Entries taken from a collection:
--------

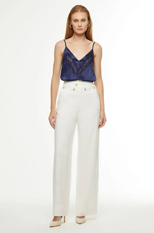 The Lana tank top is made of viscose satin. The piece features loose modeling with lace details on the bust, providing a sophisticated and sensual look. It features thin straps with adjustment, V neckline, scarf hem and topstitched finish. Piece with delicate details, care is recommended when washing.
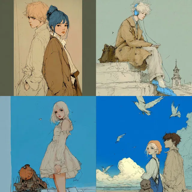 Нежные линии и пастельная палитра определяют этот стиль, создавая сказочную атмосферу с воздушными элементами. Мягкие текстуры и светлые оттенки вызывают чувство ностальгии и причудливости, а выразительные персонажи и динамичные позы усиливают глубину повествования.
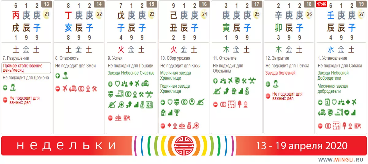 Воскресенье, 19 апреля. День не годится для супер-больших начинаний. Не устраивайте ремонт, похороны, свадьбу, не начинайте новые проекты и бизнес. А вот планирование показано, можно обсуждать, начинать договариваться и намечать новые приоритеты. В час Свиньи на западе можно поставить фонтанчик или поактивничать (гулять также можно). Активизация способствует поиску помощи, развитию карьеры, смене работы. Не подойдет рожденным в год или день Собаки.
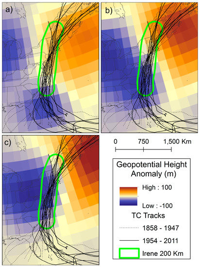 During 1851–2016, 24 TCs had tracks through the study region with a trajectory similar to Irene (Figure 1), meaning that this type of track has a recurrence interval of approximately 6.6 years. Four (three) such TCs occurred in the 1860s (1900s and 1990s). The most common month of occurrence is September, although one case occurred in May and another in November. A track density map reveals that these storms took tracks different from the majority of TCs located just offshore of North Carolina. From this region, TCs tend to move northeast and stay offshore rather than moving north-northeast and making additional U.S. landfalls as occurred during Irene (Figure 2). An examination of the 500 hPa geopotential height anomalies reveals the positions of the features responsible for steering Irene and other similar TCs since 1948 (Figure 3). The presence of positive anomalies east of the storm track indicates the position of a blocking ridge, while negative anomalies northwest of the storm track indicate and upper-level trough positioned to interact with the TC and aid in extratropical transition. On the day prior to entering the study region, anomalously low geopotential heights associated with a trough are located over the Midwestern U.S. while a ridge, indicated by higher than normal heights, is positioned off the coast of Nova Scotia, Canada (Figure 3a). The anomalously low heights near Florida are associated with the TCs. The axis of the trough at 200 hPa is located approximately 10° west of the TC centers. On the day of landfall (Figure 3b), the trough and TC are no longer distinct features and the increasingly negative values indicate a deeper area of low pressure. The deepening of the trough and northward heat and momentum transfer to the right of the TC center strengthen the warm advection in the ridge, which also deepens. The phasing of the trough and TC are complete by the day after landfall (Figure 3c). The baroclinic conditions associated with the trough restructure most of the TCs into extratropical cyclones while accelerating motion [8,11]. However, the strengthening ridge located in an anomalous position farther north and east (Figure 3b,c) forces the systems to move north-northeast along the coastline of the U.S. rather than northeast and out to sea.
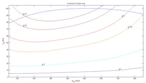 Consumption maps: The traditional unit used by the manufacturers to describe the fuel consumption rate is g/kWh since it is a convenient way to compare the efficiency of engines. This method is quite useful when the engine is producing power but not when the engine is dragging.
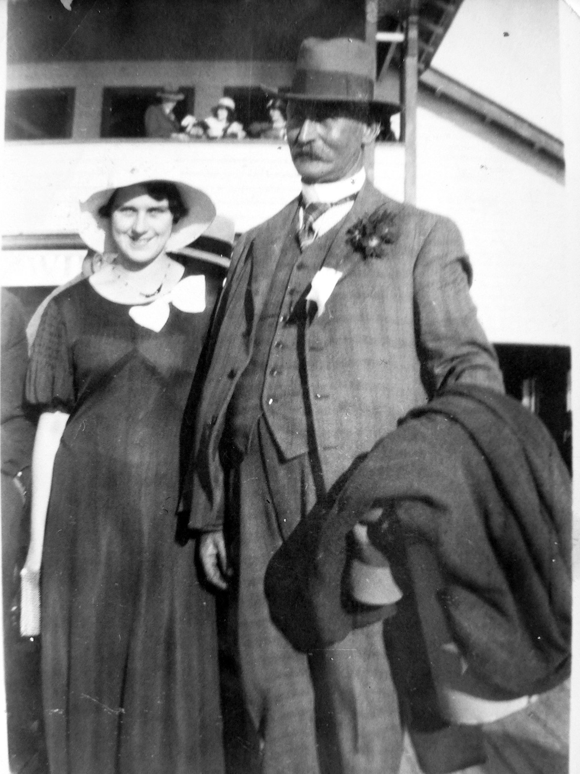 2. Mr. Harry Bunce and Miss “Nellie” Walsh on the jetty of the Ballarat City Rowing Club at a Ballarat Regatta in the late 1930’s.
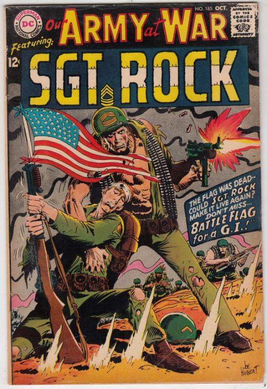 Our Army at War #185 - "Battle Flag for A G.I." COVER - Joe Kubert American Flag! ARTIST - Russ Heath and Jack Abel {{Grade Synopsis}} Characters Easy Company, Sgt. Rock, Nazis, Sgt. Rock Stories "Battle Flag fo ... Read More
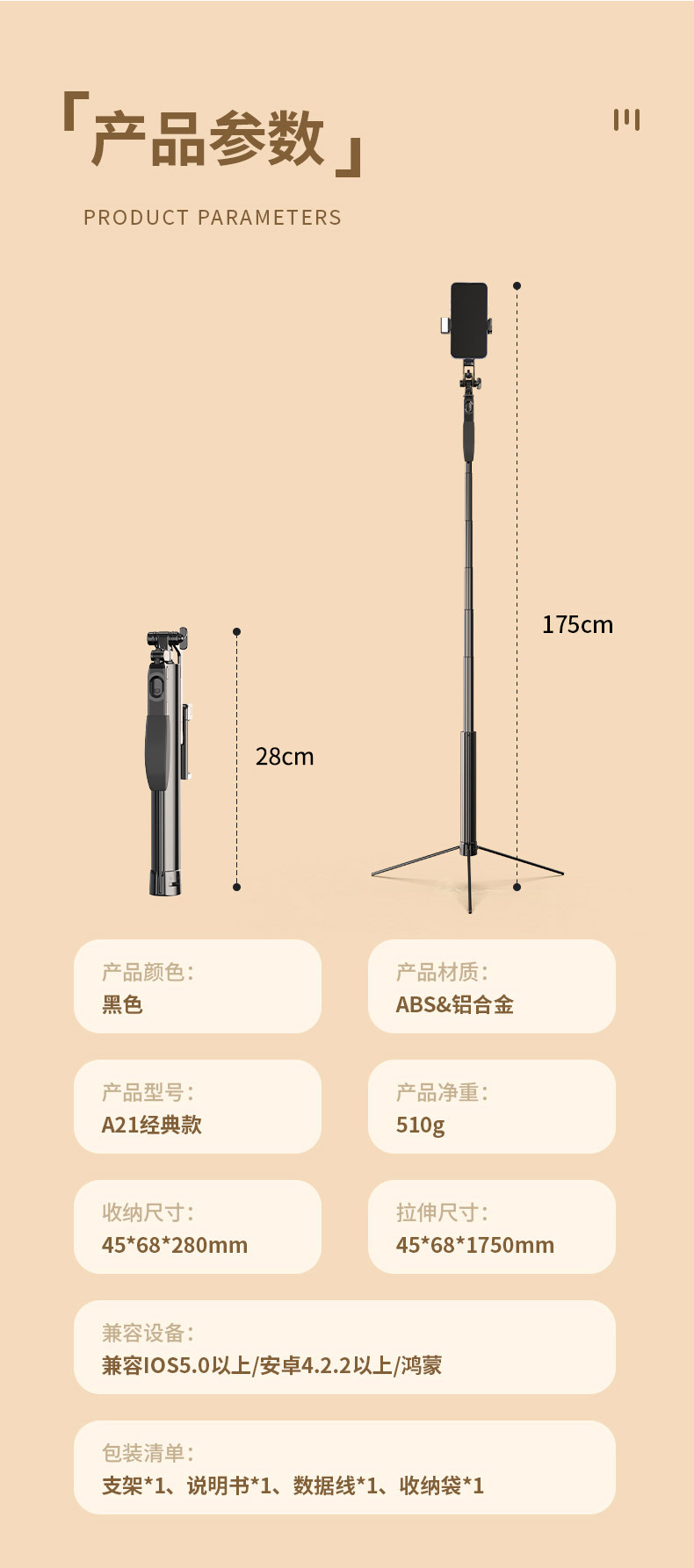 다기능 금속 안티 쉐이크 셀카 스틱 휴대 전화 라이브 3 다리 브래킷 카메라 아티팩트 A21 와 도매 트레몰로스토어 가기
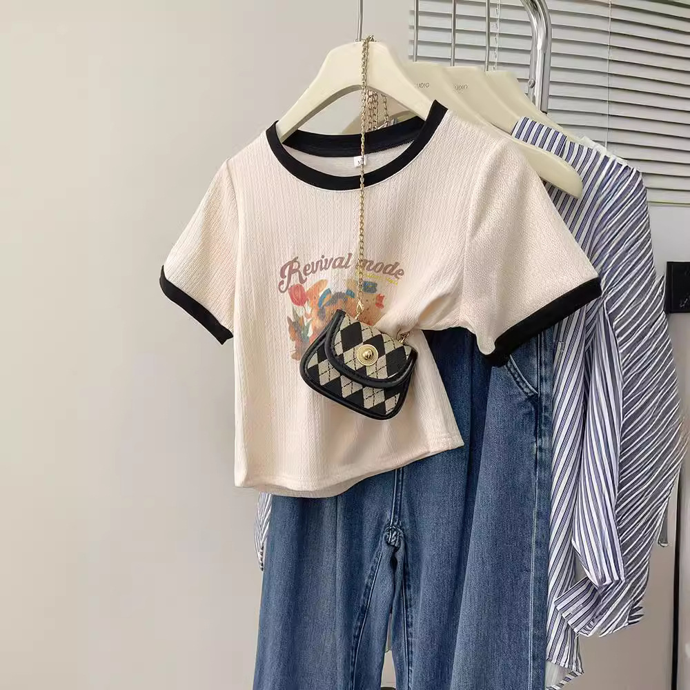 休闲美式短款T恤女短袖2025新款爆款小众设计感宽松正肩上衣夏季
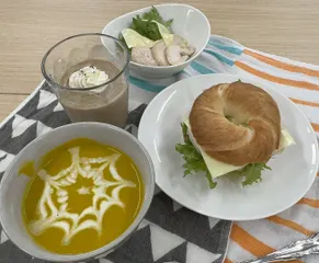 ハロウィン🎃 【材料(分量付き)】♦パンプキンスープかぼちゃ 1/2個水 300cc牛乳 600cc塩こうじパウダー 1袋 ♦サラダチキン鶏むね肉 1枚塩こうじパウダー 1袋 【作り方(使用した塩こうじパ
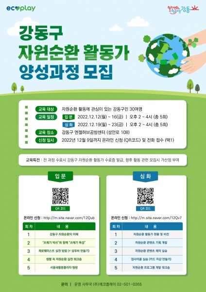 입문반, 심화반 각각 30명씩 모집하며 자원순환에 관심이 많고 적극적으로 참여 할 수 있는 강동구민이면 누구나 신청 가능하다.
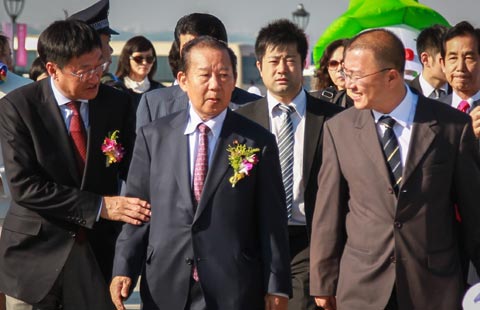 At a huge hall full of music, applause and an unusually large Japanese delegation, President Xi Jinping has struck a friendly tone on China-Japan ties, while also warning against any attempt to distort Japan's wartime history.
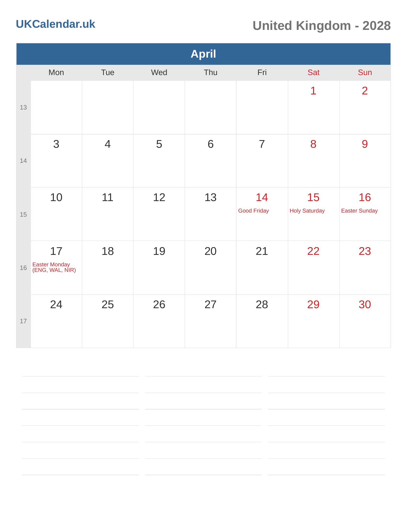 Calendar April 2028 - United Kingdom
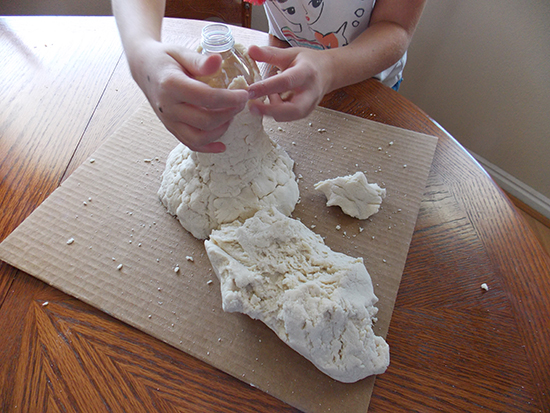 Alege o tava cat de cat adanca, pe care sa o folosesti drept suport pentru experiment. Pune in mijlocul ei sticla de plastic si lasa-i pe copii sa construiasca vulcanul in jurul ei, folosind coca din faina si sare.
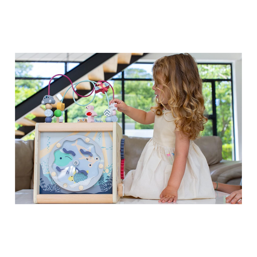 Fiecare latura a cubului ascunde o noua provocare si o oportunitate de invatare. Copiii pot interactiona cu labirinturi colorate, piese mobile, numere, animale, roti dintate si alte elemente educative menite sa le dezvolte coordonarea mana-ochi, motricitatea fina si gandirea logica. Partea superioara este dotata cu un traseu din sarma cu margele din lemn, perfect pentru exersarea dexteritatii.

--------

Each line from the first line of the data above through the one containing "Воскресенье, 19 апреля." must be set down exactly; the pictures must not be.

## OUTPUT FOR THIS TASK
 The Lana tank top is made of viscose satin. The piece features loose modeling with lace details on the bust, providing a sophisticated and sensual look. It features thin straps with adjustment, V neckline, scarf hem and topstitched finish. Piece with delicate details, care is recommended when washing.
 Нежные линии и пастельная палитра определяют этот стиль, создавая сказочную атмосферу с воздушными элементами. Мягкие текстуры и светлые оттенки вызывают чувство ностальгии и причудливости, а выразительные персонажи и динамичные позы усиливают глубину повествования.
 Воскресенье, 19 апреля. День не годится для супер-больших начинаний. Не устраивайте ремонт, похороны, свадьбу, не начинайте новые проекты и бизнес. А вот планирование показано, можно обсуждать, начинать договариваться и намечать новые приоритеты. В час Свиньи на западе можно поставить фонтанчик или поактивничать (гулять также можно). Активизация способствует поиску помощи, развитию карьеры, смене работы. Не подойдет рожденным в год или день Собаки.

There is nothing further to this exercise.